Когда я был ребенком, она разрешала мне просить у Бога вещи, к которым страстно рвалось мое сердце. Больше всего мне хотелось иметь костяные коньки или сиамского котенка. И вот мы е матерью вдвоем сидим у камина и молимся. А потом едим пирог со свининой — его мать пекла сама, — с тех пор, вкушая этот пирог, я всегда ощущаю вкус молитвы.

Итак, в день Рождества, не имея возможности: выйти из дома — весь день из черного неба хлестал дождь, — я сидел в полном одиночестве в Комнате Уединения, думал о матери и пытался составить прошение к Богу, черпая силы во вкуснейшем пироге со свининой, который велел испечь Кэттлбери.

Спустя час или около того я обратил внимание что от пирога ничего не осталось, а молитва так и не сложилась. По правде говоря, я не знал, чего просить, или, точнее, знал и в то же время не знал. В отчаянии я отказался от мысли побеседовать с Богом и упал на колени у камина, уткнувшись головой в кресло (словно в материнские колени): «Направь, поддержи меня, дорогая мамочка, ибо идея взаимности овладела моим разумом, породив желание не быть более Меривелом-шутом, а быть… (тут я прервался, отправив в рот последние крошки пирога)… быть Меривелом — достойным человеком».

Как можно видеть, на молитву эта просьба не очень похожа, но лучше я ничего придумать не смог — по крайней мере, тогда. Поднявшись с колен, я уже хотел идти и немного попеть с соловьем, который, если меня не обманывало зрение, заметно исхудал и пообтрепался за нашу английскую зиму (еще одно доказательство его индийского происхождения — он увядал вдали от зноя в дельте Ганга), когда в комнату вошел Уилл Гейтс, неся в руках изящный кожаный футляр.

— Это для вас, сэр, — сказал Уилл. — Из Лондона и от короля.

Эта норфолкская манера выражаться всегда умиляла меня в Уилле. Я взял у него футляр и положил на ореховый ломберный стол. Тисненые золотые узоры на коже, медные застежки. Я поднял крышку. Внутри, на бархатной подушечке, лежал набор посеребренных хирургических инструментов. Уилл открыл от изумления рот.

— Что это, сэр? — спросил он.

— К ним было приложено письмо? Или карточка?

— Нет, сэр. Ничего большее не было. Только футляр. А все-таки, что это, сэр Роберт?

— Хирургические инструменты, Уилл, — ответил я. — Они нужны для разрезания и вскрытия. С их помощью можно извлечь камень из мочевого пузыря, пустить кровь, вскрыть гнойник или сшить края открытой раны.

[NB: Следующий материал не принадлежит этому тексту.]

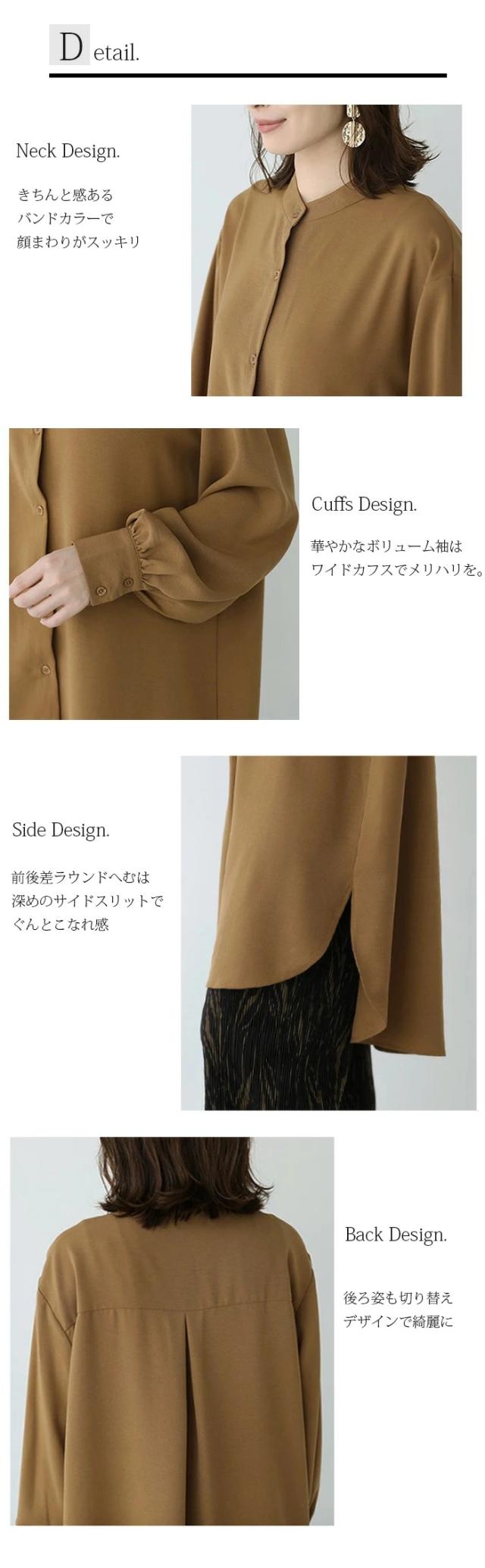 カジュアル以上・コンサバ未満な、オシャレな大人の上質シャツワンピースに仕上げています。 落ち感のある素材に一癖あるディテールをミックスする。
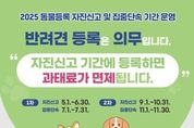 경남일간신문 | 거제시는 동물등록을 활성화하고 책임 있는 반려문화 조성을 위하여 오는 10월 31일까지 ‘동물등록 자진신고 기간’을 운영한다. 거제시 관내 모든 동물병원에서 등록이 가능하며, 자진신고 기간 중 신규등록 및 등록사항 변경 신고자에게는 과태료가 면제된다. '동물보호법'에 따르면 2개월령 이상 주택에서 반려 목적으로 기르는 개는 반드시 동물등록을 해야하며, 고양이는 등록 의무 대상은 아니지만 유실 방지를 위해 자발적 등록을 권장하고 있다. 또한 소유자 변경, 연락처 수정, 동물 사망 등 변경 사항은 정부24 또는 국가동물보호정보시스템을 통해 간편하게 신청할 수 있다. 자진신고 기간 종료 후인 11월 1일부터 30일까지는 집중단속이 진행되며, 미등록 시 100만 원 이하, 변경 신고 미이행 시 50만 원 이하의 과태료가 부과된다. 거제시 관계자는 “동물등록은 성숙한 반려문화 조성의 출발점”이라며 “반려동물 유실을 예방하고 책임 있는 반려문화가 정착될 수 있도록 아직 등록하지 않은 견주분께서는 가까운 동물병원을 방문해 꼭 등록해 주시길 바란다”고 전했다. 기타 자세한
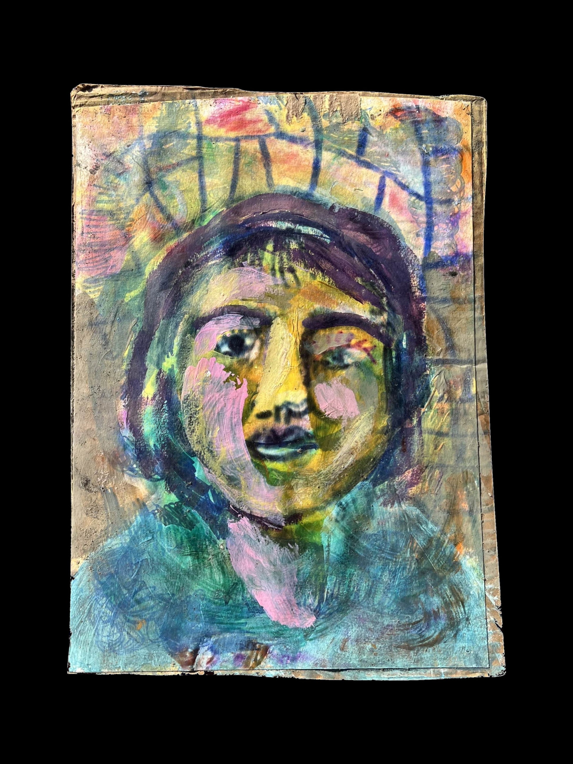 This luminous acrylic portrait on weathered cardboard glows with an ethereal energy. Layers of vibrant greens, yellows, and purples blend into an expressive face that seems to emerge from the cosmos. Delicate streaks of light and soft brushstrokes evoke a sense of inner peace and resilience, while the textured cardboard adds depth and a touch of rawness. Bobby’s mastery of color and emotion transforms the subject into a radiant figure, inviting the viewer to explore themes of renewal, connection, and the beauty found within imperfection.

— Спаси нас, Господи! — сказал Уилл.

— Вот именно, — поддержал я. — Вот именно…

Поочередно я брал их в руки — крючок, зонд, канюлю, молоточек и прочие инструменты, последним я вытащил скальпель. Каждый крутил в руках, внимательно рассматривая. Я никогда не видел, чтобы хирургические инструменты выглядели почти как произведения искусства. Думаю, ни Гарвей, ни Фабрициус не держали в руках таких инструментов. Не было никаких сомнений — их прислал король. В сопроводительном письме не было необходимости. Подарок сам за себя говорил. Собираясь положить скальпель на бархатную подушечку, я заметил на серебряной ручке выгравированную дату — декабрь 1664. Повернув скальпель, я увидел на другой стороне надпись из трех слов.

Я поднес инструмент ближе к глазам и прочел на ручке этого самого острого и грозного из лезвий краткое наставление: Меривел, не спи!

 

Глава девятая

Попечитель

Когда в январе начинали дуть злые ветры, мать всегда упоминала в молитвах наши трубы. В Норфолке такие ветры звали «русскими» — ведь местом их зарождения была Россия, а именно одна заснеженная горная цепь (названия которой, несколько помню, я никогда не знал). Через северные моря они добирались до наших мест и кружили у наших домов много дней и ночей, воя, как стая голодных волков.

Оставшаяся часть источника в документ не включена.